[Exercise material — start]

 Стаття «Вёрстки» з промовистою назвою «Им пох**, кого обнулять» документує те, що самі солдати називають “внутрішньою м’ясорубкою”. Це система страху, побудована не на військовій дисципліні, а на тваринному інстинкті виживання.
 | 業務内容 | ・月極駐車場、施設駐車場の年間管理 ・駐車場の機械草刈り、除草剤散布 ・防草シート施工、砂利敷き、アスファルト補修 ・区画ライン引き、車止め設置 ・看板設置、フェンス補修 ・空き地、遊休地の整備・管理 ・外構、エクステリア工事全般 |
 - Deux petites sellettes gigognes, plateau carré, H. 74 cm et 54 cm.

[Exercise material — finish]
[Exercise material — start]

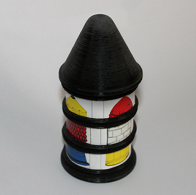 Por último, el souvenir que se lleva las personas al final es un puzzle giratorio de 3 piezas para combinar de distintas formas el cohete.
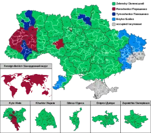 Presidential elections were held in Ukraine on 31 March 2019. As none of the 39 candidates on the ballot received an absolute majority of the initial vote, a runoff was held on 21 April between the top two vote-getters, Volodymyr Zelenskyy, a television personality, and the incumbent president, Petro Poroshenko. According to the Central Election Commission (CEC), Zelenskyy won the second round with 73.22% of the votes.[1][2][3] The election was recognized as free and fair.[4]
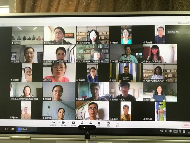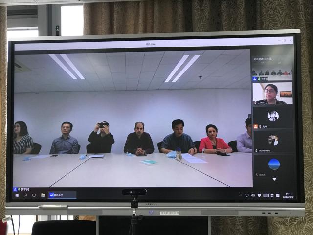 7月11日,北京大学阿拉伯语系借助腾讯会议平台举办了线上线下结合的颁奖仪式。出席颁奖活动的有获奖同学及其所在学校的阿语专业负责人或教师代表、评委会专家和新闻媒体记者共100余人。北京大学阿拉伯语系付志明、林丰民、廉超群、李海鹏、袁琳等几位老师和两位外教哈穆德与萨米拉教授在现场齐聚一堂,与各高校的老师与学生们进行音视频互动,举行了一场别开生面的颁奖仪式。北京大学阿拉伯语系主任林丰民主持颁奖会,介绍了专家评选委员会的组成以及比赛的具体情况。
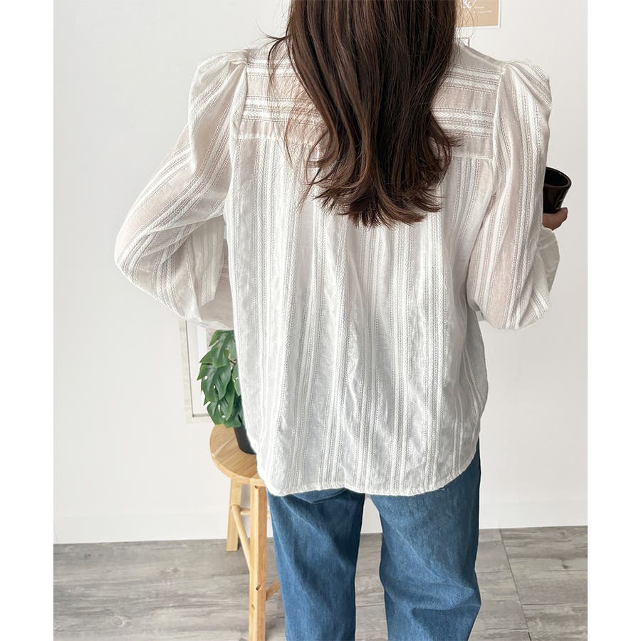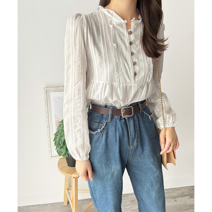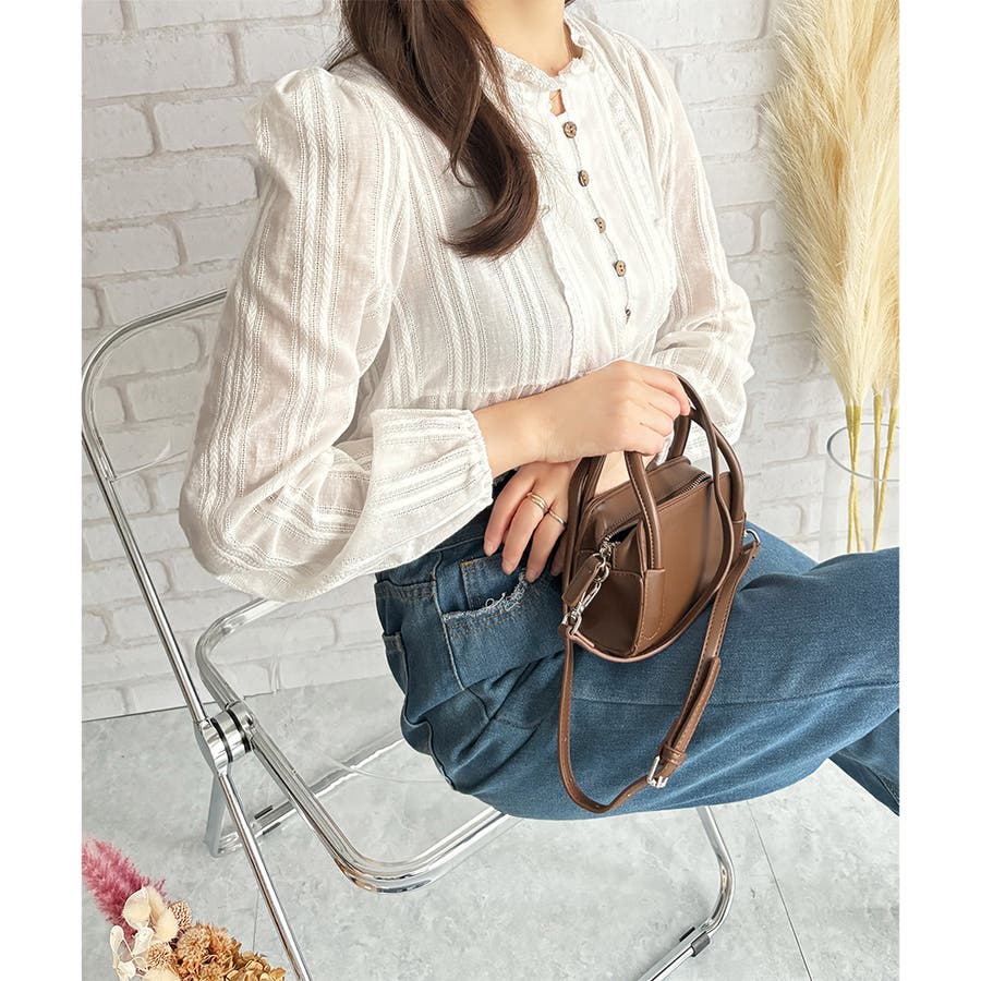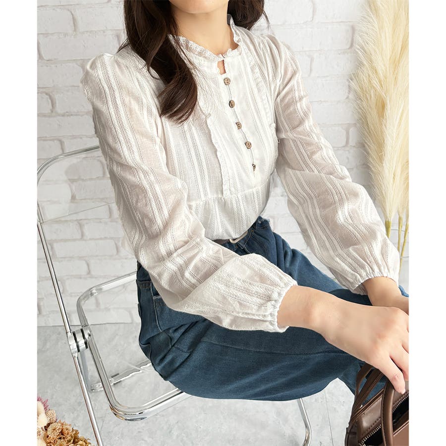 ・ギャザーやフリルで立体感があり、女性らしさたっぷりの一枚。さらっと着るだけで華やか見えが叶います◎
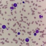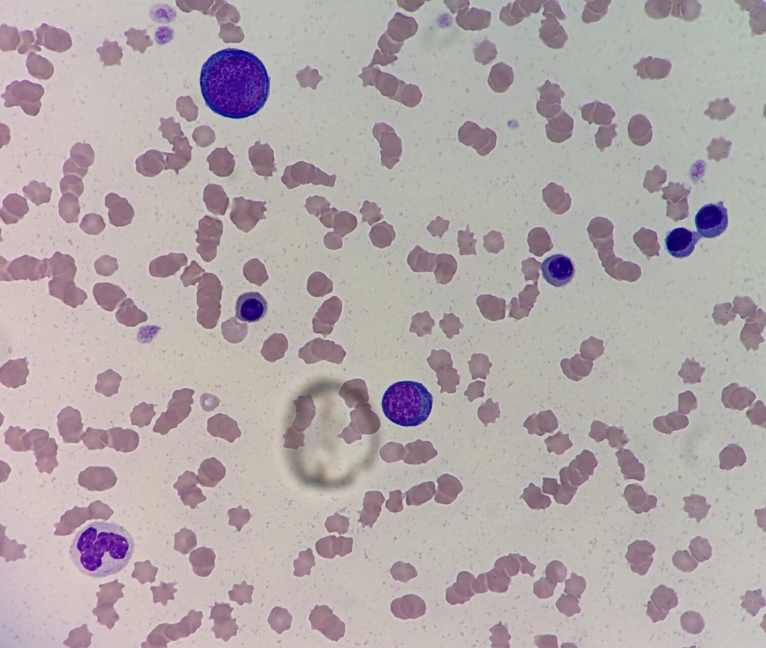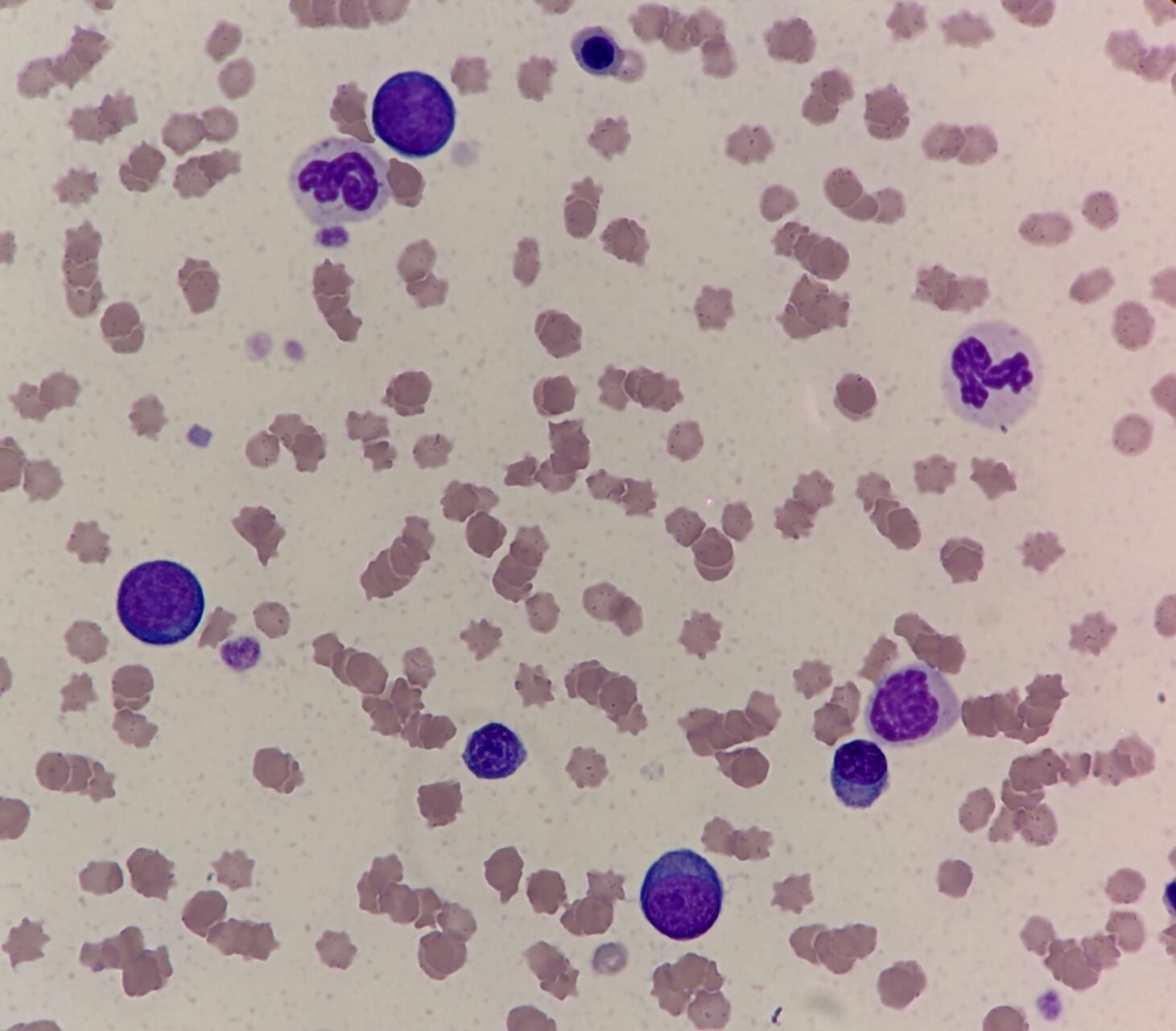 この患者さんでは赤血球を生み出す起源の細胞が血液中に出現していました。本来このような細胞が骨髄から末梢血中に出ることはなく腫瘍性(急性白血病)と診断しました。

[Exercise material — finish]

* _Problem details_:
Quote the listing above, but only from the line that shows "тваринному інстинкті виживання." through the line that shows "- Deux petites".

* _Task answer_:
 Стаття «Вёрстки» з промовистою назвою «Им пох**, кого обнулять» документує те, що самі солдати називають “внутрішньою м’ясорубкою”. Це система страху, побудована не на військовій дисципліні, а на тваринному інстинкті виживання.
 | 業務内容 | ・月極駐車場、施設駐車場の年間管理 ・駐車場の機械草刈り、除草剤散布 ・防草シート施工、砂利敷き、アスファルト補修 ・区画ライン引き、車止め設置 ・看板設置、フェンス補修 ・空き地、遊休地の整備・管理 ・外構、エクステリア工事全般 |
 - Deux petites sellettes gigognes, plateau carré, H. 74 cm et 54 cm.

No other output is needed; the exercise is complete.